L'intelligence artificielle fait son entrée en Coupe du monde de football. Google a annoncé un partenariat avec la Fédération argentine de football (AFA) faisant de Gemini, son assistant fondé sur l'IA, le sponsor mondial principal de l'Albiceleste. L'accord, conclu en mars mais officialisé en mai, prévoit que le logo de Gemini figure sur les maillots d'entraînement de l'équipe championne du monde en titre.

Un laboratoire grandeur nature pour l'IA

Pour Google, cette Coupe du monde représente un test à grande échelle pour son intelligence artificielle. L'outil sera mis à disposition des joueurs et de l'encadrement technique afin d'analyser les actions de jeu, d'étudier les statistiques des adversaires et d'accélérer la prise de décision sur le terrain. Sans détailler l'ensemble des outils internes qui seront utilisés par la sélection argentine, l'entreprise précise que l'objectif est de soumettre Gemini aux conditions de pression maximales d'une compétition professionnelle.

« Il ne s'agit pas seulement d'ouvrir la porte à l'IA, mais de comprendre ses limites réelles tout en améliorant l'expérience », a déclaré Flor Sabatini, porte-parole de Google.

Des fonctionnalités destinées aux supporters

L'initiative ne se limite pas au vestiaire. Le moteur de recherche de Google sera adapté pour fonctionner comme un « compagnon de match » : il fournira des réponses générées par IA aux questions posées en temps réel, décryptant les actions clés et offrant des statistiques approfondies. Les supporters pourront également créer des chants, des mèmes, des dessins animés et autres contenus visuels destinés à animer les échanges sur les réseaux sociaux pendant et après chaque rencontre.

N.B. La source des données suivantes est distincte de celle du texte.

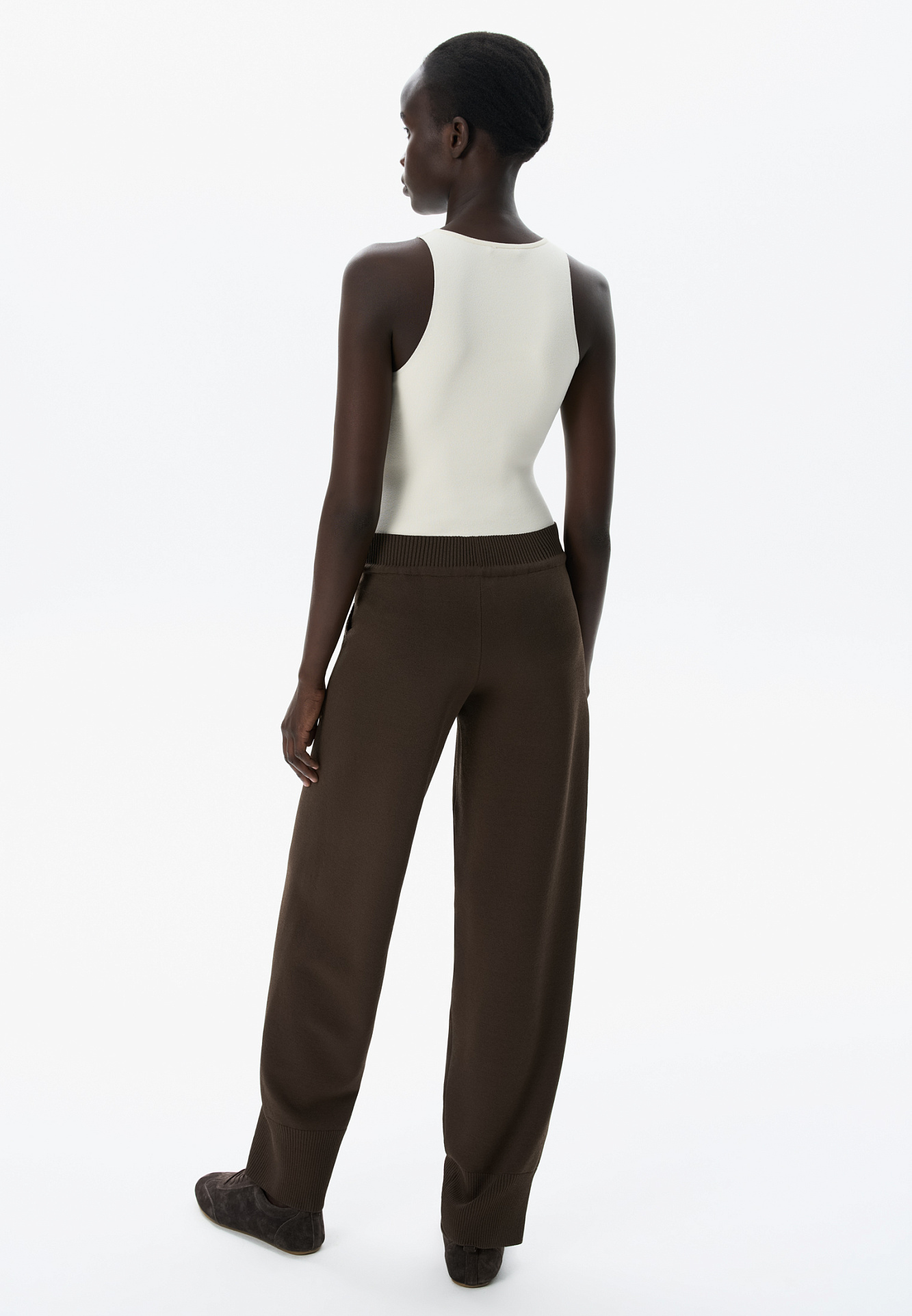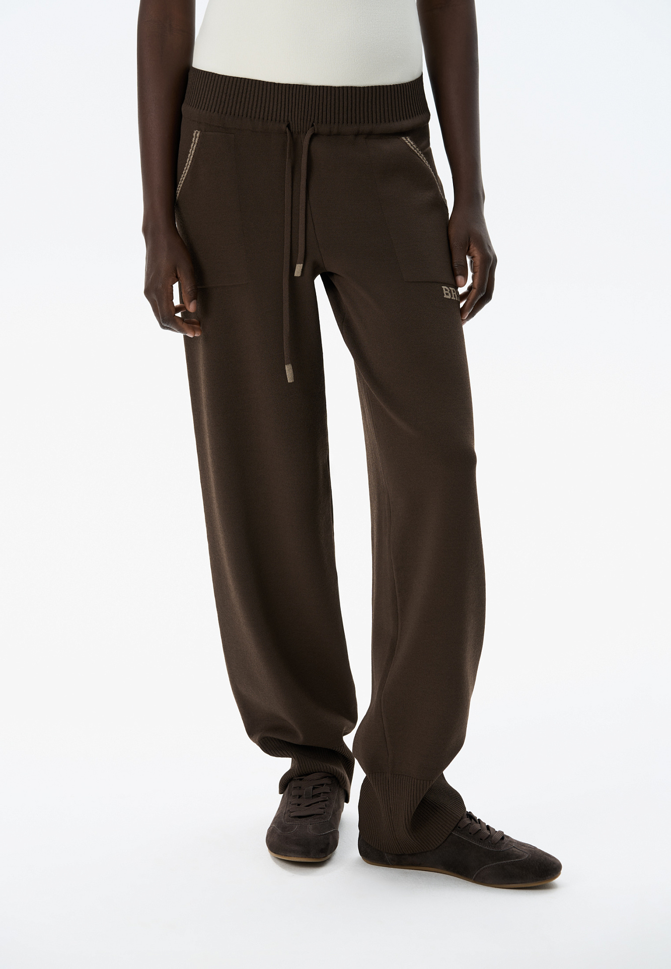 Трикотажные брюки из вискозы с добавлением эластана. Модель выполнена в спортивном стиле, с широким эластичным поясом на кулиске, боковыми карманами и широкими манжетами на резинке.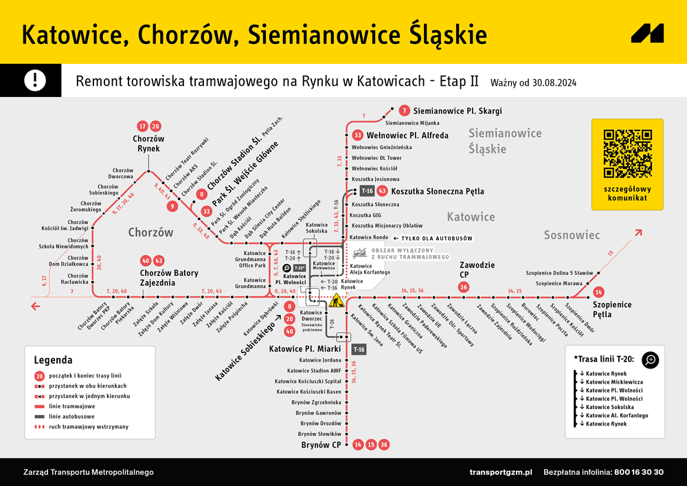 Przywrócenie ruchu tramwajów od Brynowa do Zawodzia oraz wstrzymanie ruchu tramwajów na odcinku Katowice Rondo – Katowice Rynek – Katowice Pl. Wolności to dwie najważniejsze informacje dla pasażerów komunikacji miejskiej. Zmiana organizacji ruchu oznacza nowe trasy dla sześciu linii tramwajowych – 0, 7, 14, 15, 20 i 40, wznowienie kursowania tramwajów na linii 36 (Zawodzie CP – Brynów CP) oraz zawieszenie linii tramwajowej 16. Dla zminimalizowania utrudnień, uruchomione zostaną cztery tymczasowe linie. Będą to dwie linie tramwajowe – zwykła 33 (Wełnowiec Pl. Alfreda – Park Śląski Wejście Główne) i weekendowa 43 (Koszutka Słoneczna – Katowice Grundmanna – Chorzów Batory Zajezdnia) oraz dwie linie zastępczej komunikacji autobusowej, tj. T-20 (Katowice Rynek – Katowice Plac Wolności – Katowice Al. Korfantego) oraz T-16 (Koszutka Słoneczna Pętla – Katowice Pl. Miarki).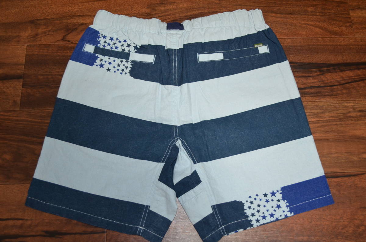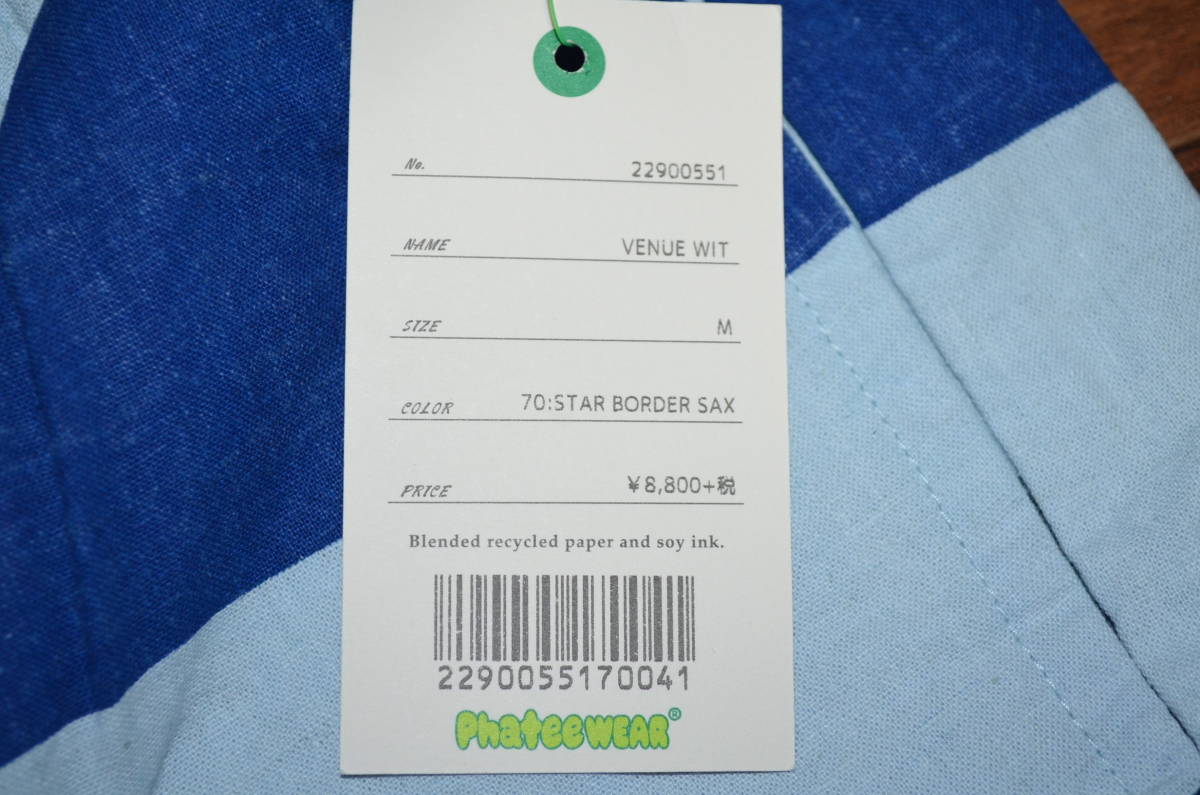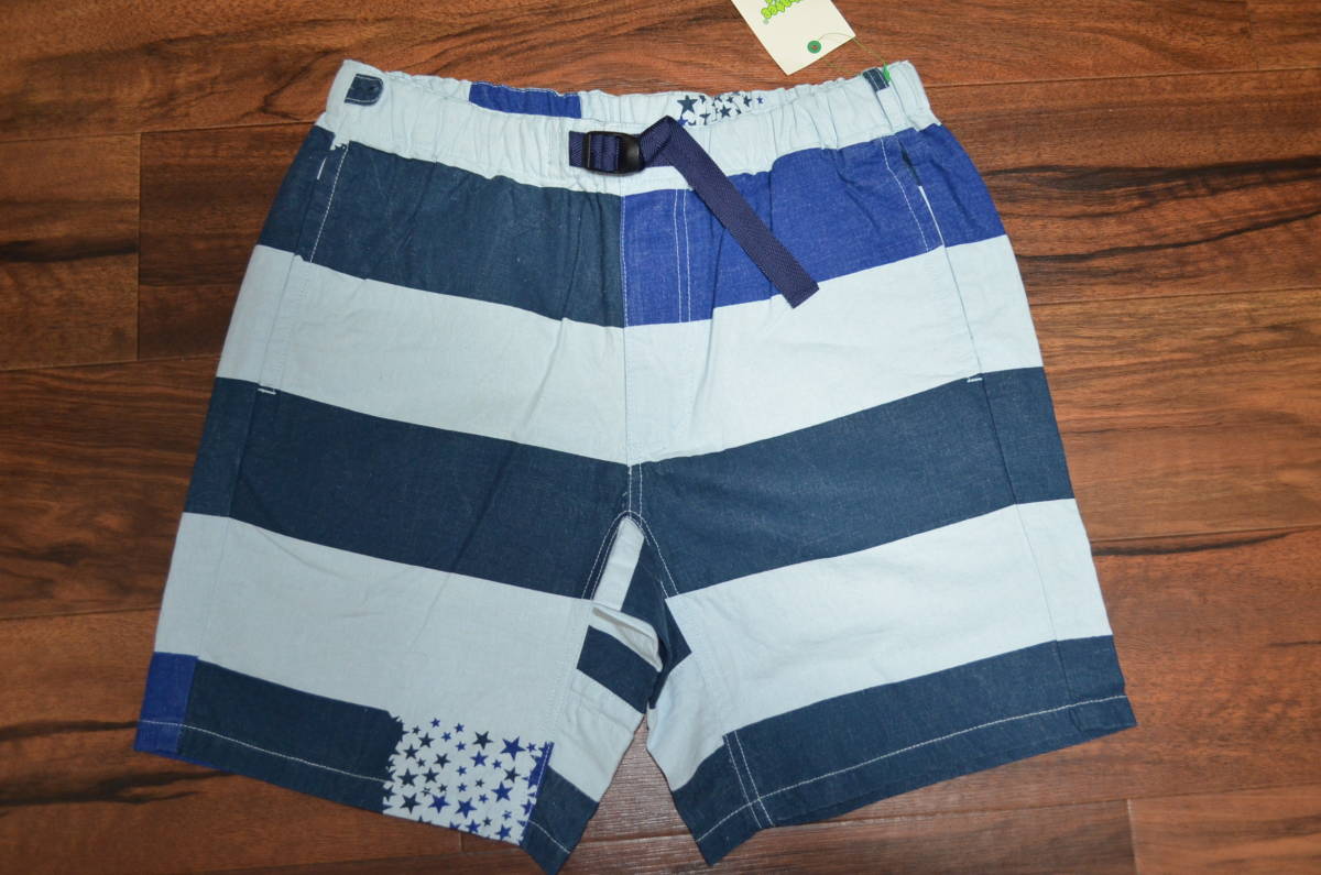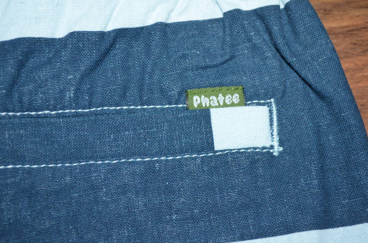 ファッティーPhateeWearベニューショーツ”VENUE WIT”新品タグ付きです。カラー表記はSTAR BORDER SAXで、サイズはМです。実寸でウエスト80cm前後股下20cm股上25cm裾幅27cm多少の誤差はお許し下さい。ウエスト部分は、ゴムとベルトで調節が可能。ヘンプ55%コットン45%。定価8800円+税。

Des accords avec le Brésil et la France

Si l'Argentine bénéficie d'une mise en avant médiatique particulière – sans doute en raison de la notoriété planétaire de Lionel Messi –, Google a en réalité conclu des partenariats similaires avec deux autres grandes nations du football : le Brésil et la France, toutes deux anciennes lauréates de la Coupe du monde. La porte-parole de l'entreprise a souligné que, pour Google, l'événement constitue « le rendez-vous culturel le plus important de l'année », capable de susciter « une émotion partagée » bien au-delà du seul public argentin.

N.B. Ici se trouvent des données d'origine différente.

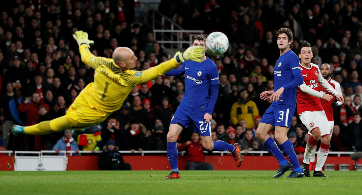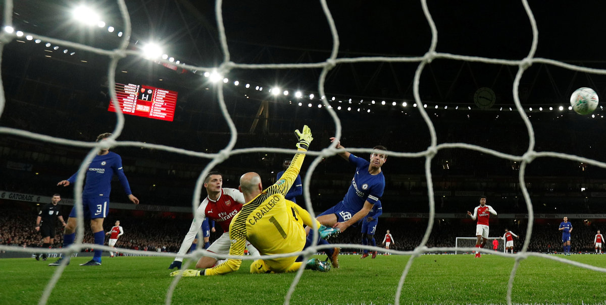 From that moment on Chelsea barely created a chance as Arsenal stayed resolute at the back and sharp on the counter, with the best opening falling to Alex Iwobi whose effort from 15 metres was saved by the legs of Caballero.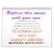 Créez votre propre calendrier personnalisé - Nous avons rendu cette SO Facile, il suffit de remplacer les images par les vôtres, nous avons ajouté les images de taille à utiliser selon la taille du calendrier que vous voulez - Faites votre propre calendrier personnalisé - Ajoutez vos propres photos, artwork ou designs à cette Personnalisation Créez votre propre calendrier - Ajoutez du texte à changer les polices, la taille et les couleurs des polices selon vos besoins. Assurez-vous de voir les listes déroulantes pour Culture, Choix de vacances, Date de début, Taille, couleur de liaison etc. tous les choix sur le côté droit avant de commander -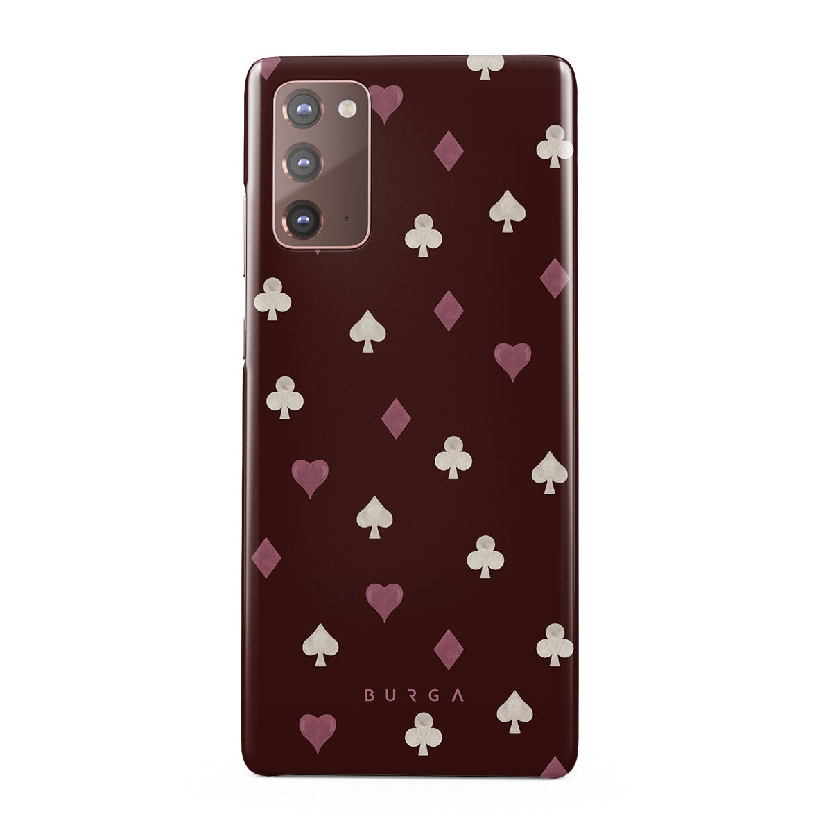 En este diseño: palos de cartas, corazones, picas, diamantes, tréboles, fondo burdeos.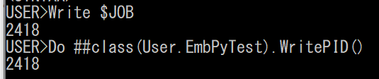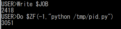 これと同様の処理を$ZF(-1)で実行すると別プロセスになります。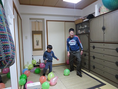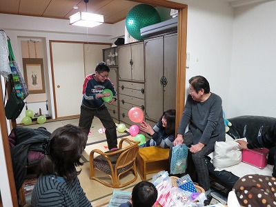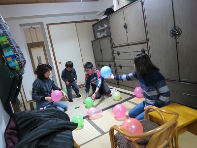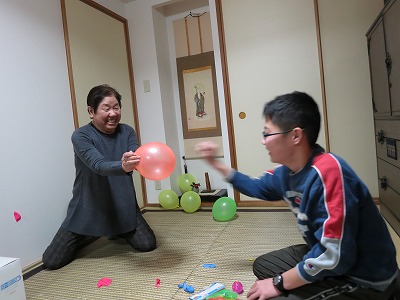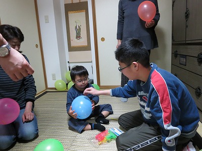 風船を割って、中の紙の番号の商品が頂けるのだ。 |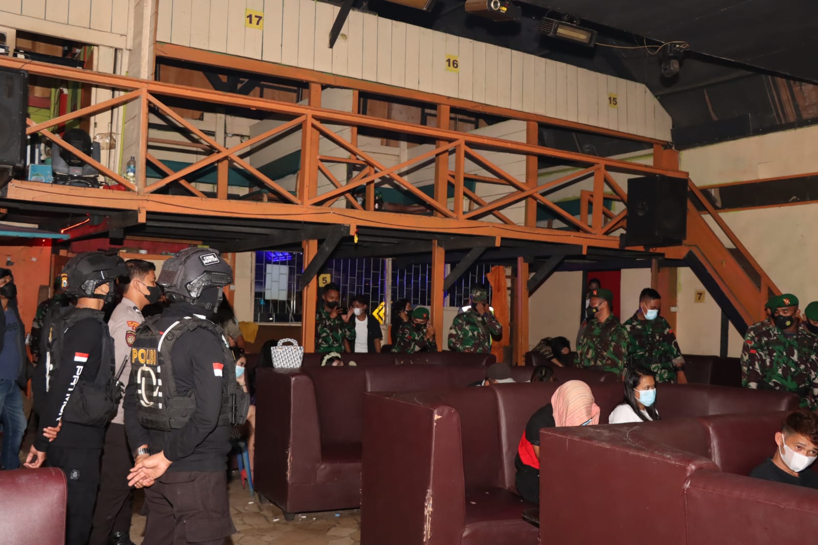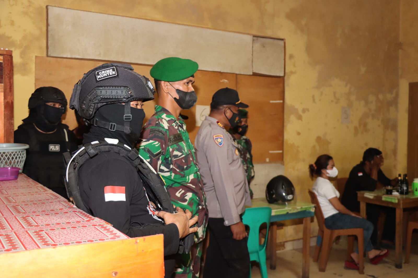 Selain melakukan patroli, para personel gabungan menyambangi tempat – tempat keramaian seperti cafe, warkop dan para pemuda atau masyarakat yang sedang berkumpul.

Du côté de la Fédération argentine, cet accord représente une modernisation de l'institution, tiraillée entre la tradition footballistique et la nécessité de valoriser commercialement sa marque.

Un risque d'exposition mondiale

Cette intégration comporte des risques. En déployant l'IA dans les stades de la Coupe du monde, Google l'expose à des millions de requêtes simultanées, à des contextes culturels variés et à l'imprévisibilité inhérente aux résultats sportifs. Toute erreur – une statistique erronée, la génération d'une composition d'équipe fantaisiste ou une image maladroite – bénéficierait d'une visibilité mondiale immédiate.

Les Coupes du monde ont historiquement accéléré l'adoption de nouvelles technologies : de la démocratisation de la télévision couleur à l'utilisation du GPS pour le suivi des entraînements, en passant par l'assistance vidéo à l'arbitrage (VAR). L'IA s'inscrit dans cette lignée. La différence tient cette fois à l'échelle : jamais une entreprise technologique n'avait placé le nom de son intelligence artificielle à la fois sur le torse des joueurs et dans les téléphones portables de millions de fans à travers la planète.